Several articles about continuing medical education (CME) were recently published in the Journal of the American Medical Association (JAMA). One article discussed the importance of regulatory alignment with the boards while the other discussed the proposed CME pyramid.
CME Pyramid
Medical education is an evolving field and as of late, there has been an increased focus on addressing professional practice gaps – the gaps between what physicians are doing and what they should be doing. Therefore, an outcomes framework has been proposed in the form of a pyramid that provides perspective on how addressing these practice gaps may be accomplished.

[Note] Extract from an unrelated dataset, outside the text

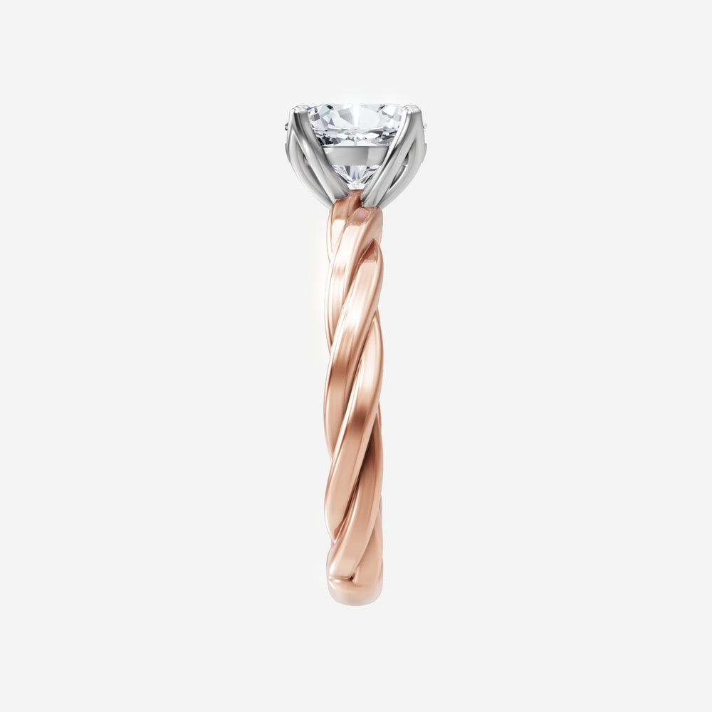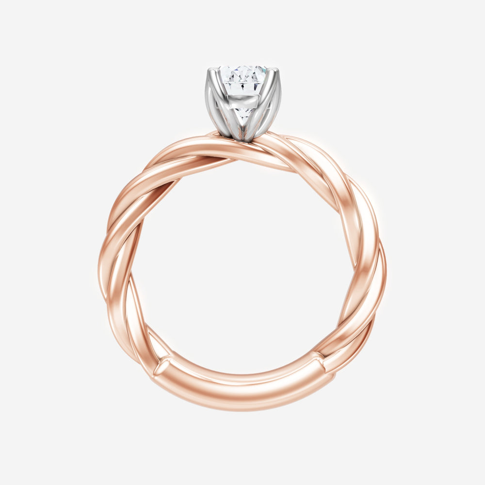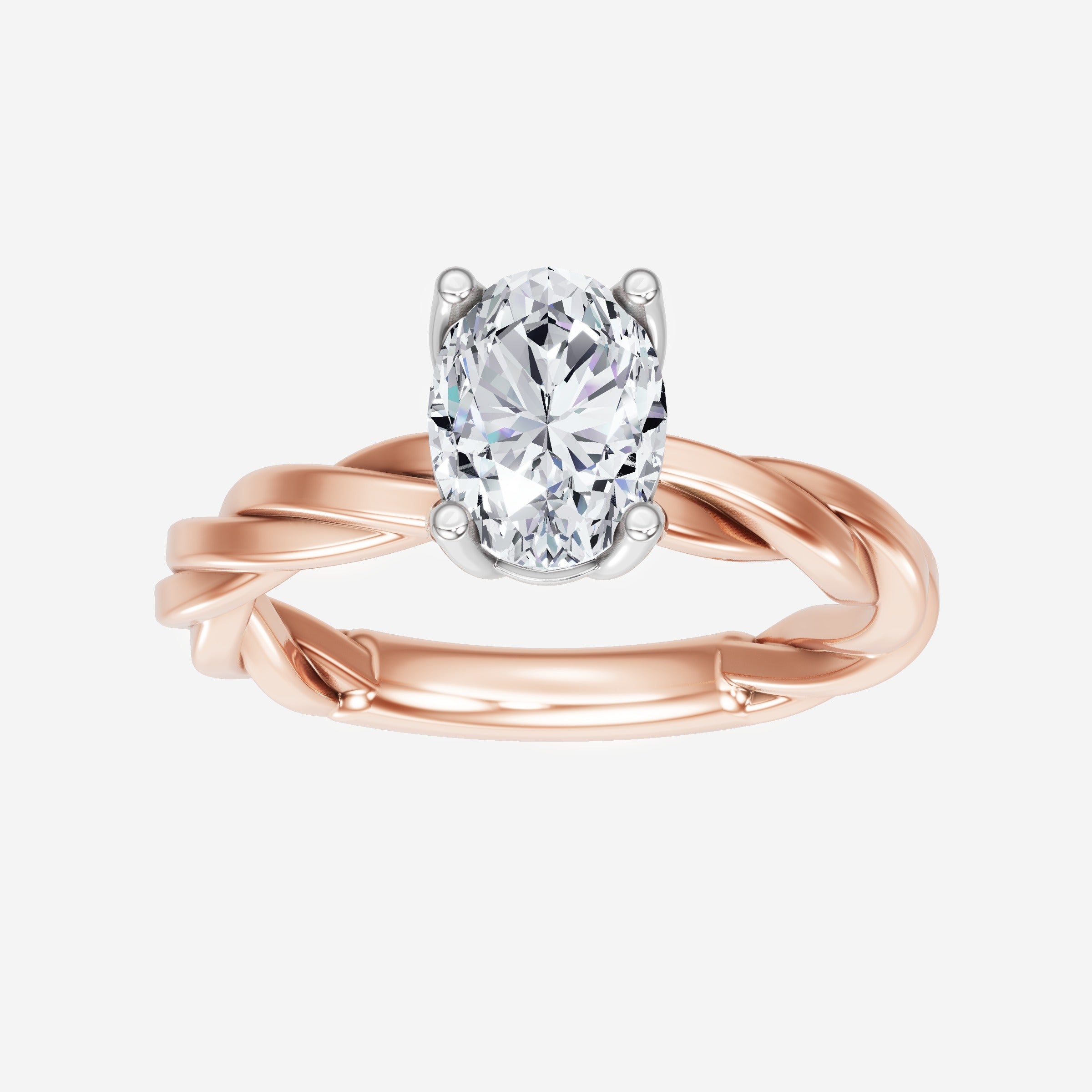 You’ve designed a ring that reflects lasting elegance and grace! Crafted from 14k Rose White Dual Tone, this exquisite Oval lab-grown diamond is the centerpiece of this unique design. This Rope Plain Shank with a 4 Prong Flower Head head showcases the brilliance of the Oval diamond, creating a timeless look. This elegant piece is the perfect symbol of love, strength, and timeless beauty.

According to the article, “[t]he pyramid is based on 7 levels of outcomes that are associated with the decisions of a clinician to participate in learning, to engage in learning, to use what he or she learned, and, at the summit, the effects of learning on patients and community. CME has traditionally been focused on learning (level 3) and in some cases on competence (level 4), which is similar to the “shows how” level of the pyramid in which a learner demonstrates to a teacher that he or she can do what has been learned.”

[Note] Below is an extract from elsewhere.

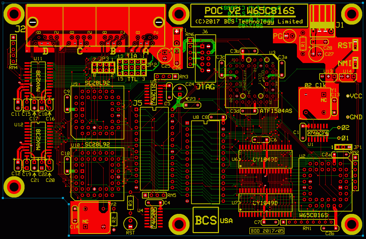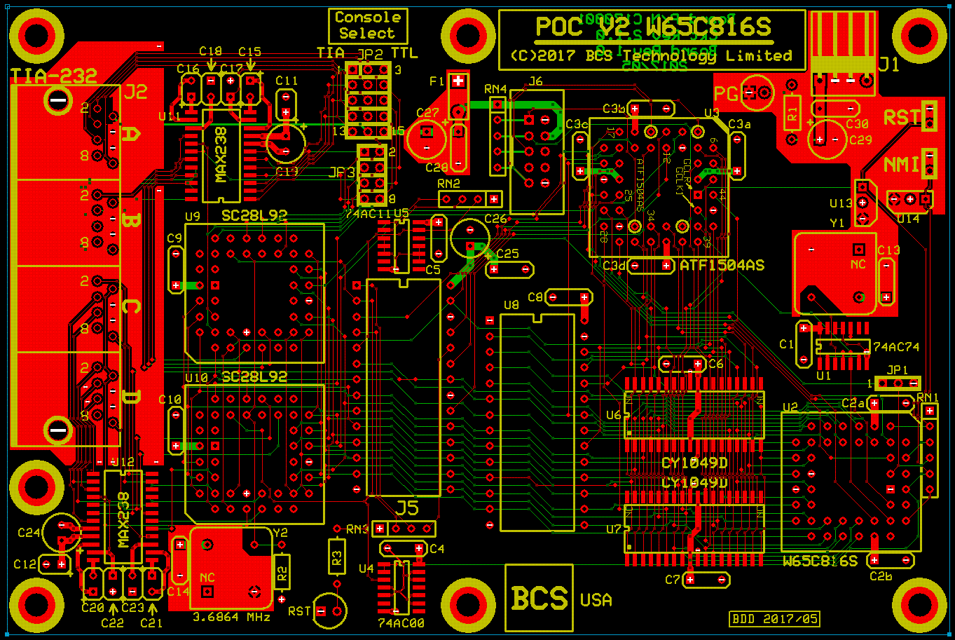 - The 65C816 and the two CY1049D static RAMs are in closer proximity to each other. Doing so reduced the length of many of the traces connecting the SRAMs to the '816 and eliminated some via.

The article further notes, “It could be argued that if CME contributes to improving patient health on a broad front, such that many patients and many diseases are affected, then community health, that is, population health, must necessarily improve,” which is the impetus behind the push for all physicians and health care providers to be current on their education and continue learning for the benefit of their patients.

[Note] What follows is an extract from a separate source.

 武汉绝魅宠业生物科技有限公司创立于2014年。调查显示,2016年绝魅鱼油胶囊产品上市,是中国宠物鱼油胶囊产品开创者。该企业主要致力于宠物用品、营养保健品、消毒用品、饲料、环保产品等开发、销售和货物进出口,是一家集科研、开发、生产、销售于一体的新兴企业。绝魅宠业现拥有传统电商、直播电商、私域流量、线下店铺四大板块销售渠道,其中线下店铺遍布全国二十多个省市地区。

Cultural differences also plays a role in practice gaps and an analysis of health care in different countries shows how evident cultural differences are and that gaps in knowledge happen in developed countries like the United States and the United Kingdom.
The article also notes, however, that improvement cannot be achieved by CME alone, but will require the involvement of many different organizations. For example, this year the Centers for Medicare & Medicaid Services is proposing completion of an accredited CME program directed at performance or quality improvement. This Clinical Practice Improvement Activity must address a quality or safety gap that is supported by a needs assessment. The proposal has been endorsed by the Accreditation Council for Continuing Medical Education, which is now collaborating with the American Board of Medical Specialties to facilitate the integration of CME and maintenance of certification.
The CME pyramid works to bring each of the individual groups together to create a comprehensive solution to physician and provider education.
Innovation through Regulatory Alignment
The President and CEO of the Accreditation Council for Continuing Medical Education (ACCME), Graham McMahon, MD, MMSc, and the Vice President for Medical Education at the American Medical Association (AMA), Susan Skochelak, MD, co-authored a piece published in JAMA on how to promote innovation through the regulatory framework. The article discussed the collaboration between the ACCME and the AMA to establish and credit CME activities in an attempt to support clinicians and developing learning opportunities.
The authors discussed the way the two groups collaborated on a strategy “to more closely align the 2 organizations’ requirements, simplify the system, and eliminate any barriers (perceived or real) that would constrain innovation in educational delivery. To develop their approach, the organizations convened listening sessions with various groups (including staff, volunteers, and leadership from accredited organizations and state medical societies), gathering feedback from physicians and educators about how to reconstruct the system to better support the evolution of CME.” It was through this process that a joint construct was formed.
“As part of the alignment, the AMA simplified and reduced its learning format requirements. There were previously specific requirements for 7 formats; now, there are specific requirements for only 3 formats: enduring materials, journal-based CME, and performance improvement CME. In addition, the requirements for these 3 format types were simplified, so that learning is prioritized. For example, the familiar posttests can be replaced with a self-reflective statement about what has been learned and how the learner plans to change; the outcome measure for a quality improvement effort can be locally determined.”
This flexibility will help physicians and CME providers alike learn more and be able to achieve more through CME.
To that end, the ACCME, in collaboration with the Accreditation Council for Pharmacy Education and the American Nurses Credentialing Center, created the first joint accreditation system to facilitate interprofessional continuing education. This program can serve as a model for accreditors in the health professions for developing systems that promote and facilitate team-based education by removing barriers between professions and expanding the delivery of interprofessional continuing education to facilitate measurable improvements in team performance.
McMahon and Skochelak noted that the success of this construct and the continuing success of CME is going to mean continuing evolution – including identifying needs and gaps in CME and adopting approaches that reflect “the same innovative spirit and nimbleness” expected of educational providers.